━━━ The input ━━━
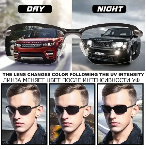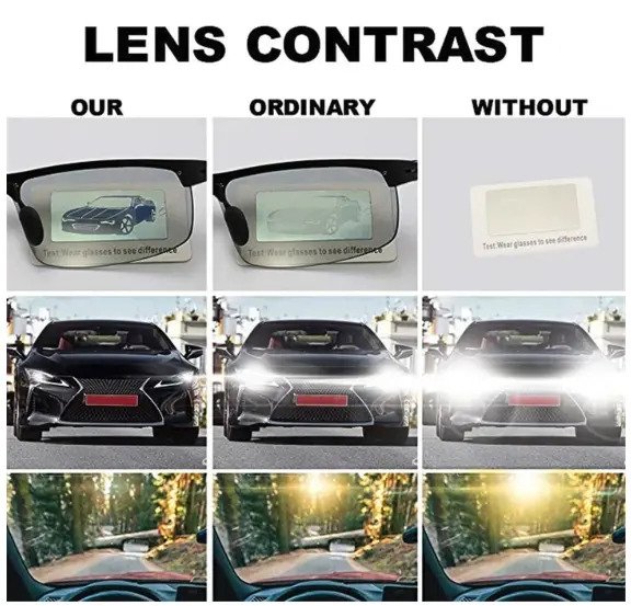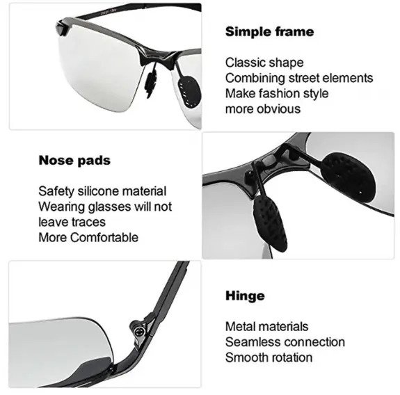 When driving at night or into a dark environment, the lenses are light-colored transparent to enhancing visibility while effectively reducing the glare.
━━━
━━━ The input ━━━
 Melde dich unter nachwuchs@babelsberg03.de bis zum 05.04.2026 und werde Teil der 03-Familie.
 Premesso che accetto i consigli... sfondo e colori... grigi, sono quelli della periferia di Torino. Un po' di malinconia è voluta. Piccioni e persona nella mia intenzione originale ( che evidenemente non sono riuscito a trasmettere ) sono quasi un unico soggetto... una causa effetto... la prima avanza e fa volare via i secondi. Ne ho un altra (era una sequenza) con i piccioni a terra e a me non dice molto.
━━━
* _Aim of the exercise_: Among the entries above, the lines between the ones containing "Melde dich unter" and "Premesso che accetto", inclusive, are to be transcribed exactly. No other line is to be given.

* _Task result_:
 Melde dich unter nachwuchs@babelsberg03.de bis zum 05.04.2026 und werde Teil der 03-Familie.
 Premesso che accetto i consigli... sfondo e colori... grigi, sono quelli della periferia di Torino. Un po' di malinconia è voluta. Piccioni e persona nella mia intenzione originale ( che evidenemente non sono riuscito a trasmettere ) sono quasi un unico soggetto... una causa effetto... la prima avanza e fa volare via i secondi. Ne ho un altra (era una sequenza) con i piccioni a terra e a me non dice molto.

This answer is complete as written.